There are a few things you can beat on......
It won't be a cheap thing
It won't be pretty
It probably won't get easier or nicer
and Mom will probably show up to get her child the minute she knows something is up.
 

iltmthm

Junior Member
The amount that my husband paid each month was determined by the CM. If that amount was lower than what child support through the state would have been, would he be responsible for back-support? We know that the lawyer and court fees will be costly so we are trying to establish an idea of how much we'll end up possibly facing. Since my stepson has come to stay with us, she pays us nothing. To tell you the truth, we aren't interested as much in receiving money from her as much as we are concerned that there is no proof my stepson lives with us and she files her taxes as if he lives with her.
 

FLFamof5

Member
Child Support

iltmthm said:
The amount that my husband paid each month was determined by the CM. If that amount was lower than what child support through the state would have been, would he be responsible for back-support?
Due to the fact that the Child Support was established through the courts I would hate to the bearer of bad news but would probably only be considered as a gift. If you have receipts then you can bring them to an attorney and see what the attorney tells you but since it was not established through the courts it might be free money.

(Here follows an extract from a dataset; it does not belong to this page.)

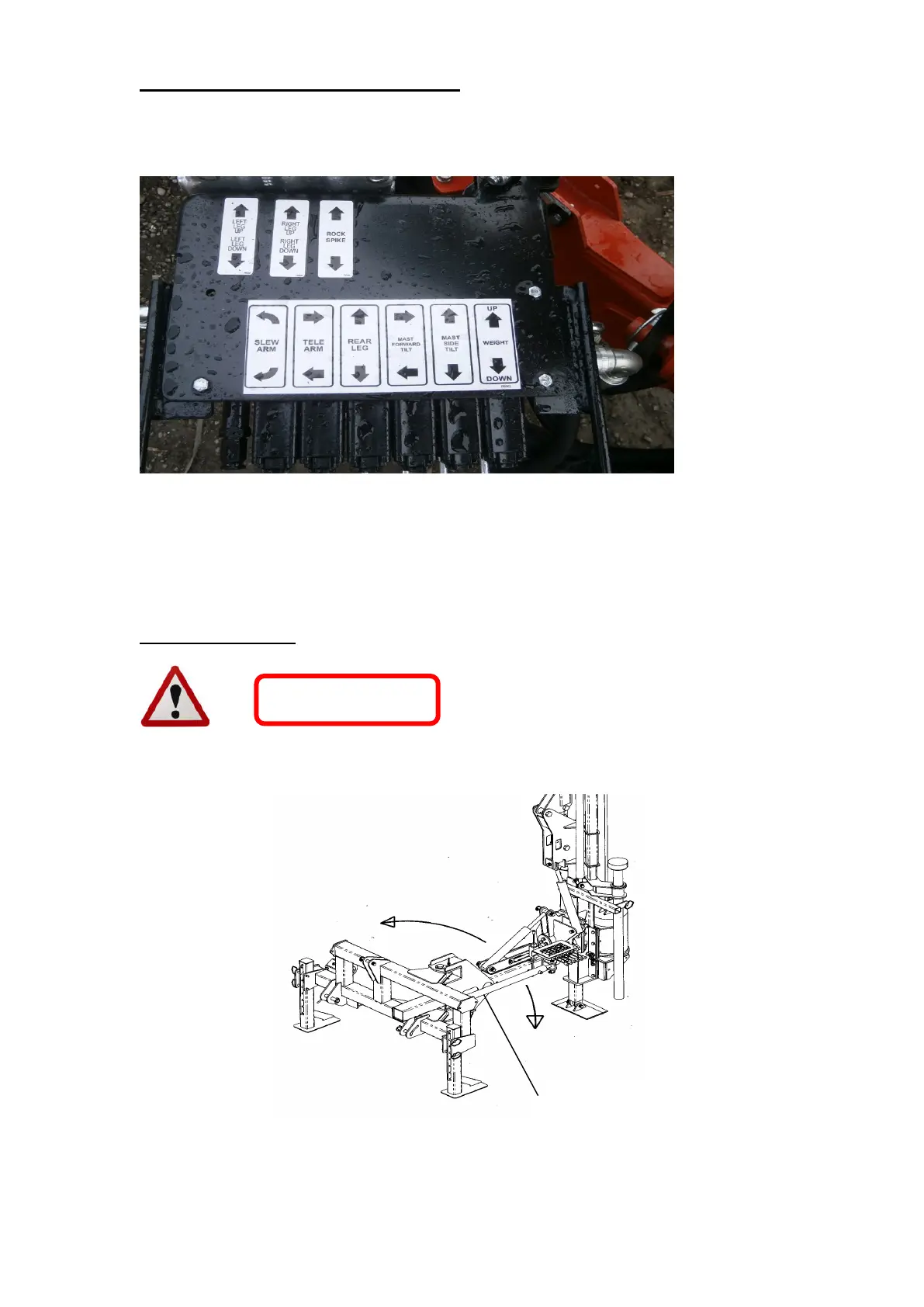 Operating the slew control lever pivots the slew arm from parallel to the main

CS is generally only calculated from the intial date of filing and only retro'd back to that date.

iltmthm said:
We know that the lawyer and court fees will be costly so we are trying to establish an idea of how much we'll end up possibly facing
Alot of lawyers give free consultations. Pick quite a few that do and ensure that you and your husband are very comfortable with whomever you choose. Some attorneys will take a smaller retainer and allow you to make monthly payments. I am paying $3500 for my custody modification just to give you a small idea.

iltmthm said:
Since my stepson has come to stay with us, she pays us nothing. To tell you the truth, we aren't interested as much in receiving money from her as much as we are concerned that there is no proof my stepson lives with us and she files her taxes as if he lives with her.
As you stated above you do have proof with the teachers, neighbors, etc. Since there is no formal court custody agreement and 7yo has been staying with you for the past 10mths I am not sure if you can possibly get a quick Temp Order since paternity was established as you stated before. This is a good question for the more experienced on the Temp Custody Order????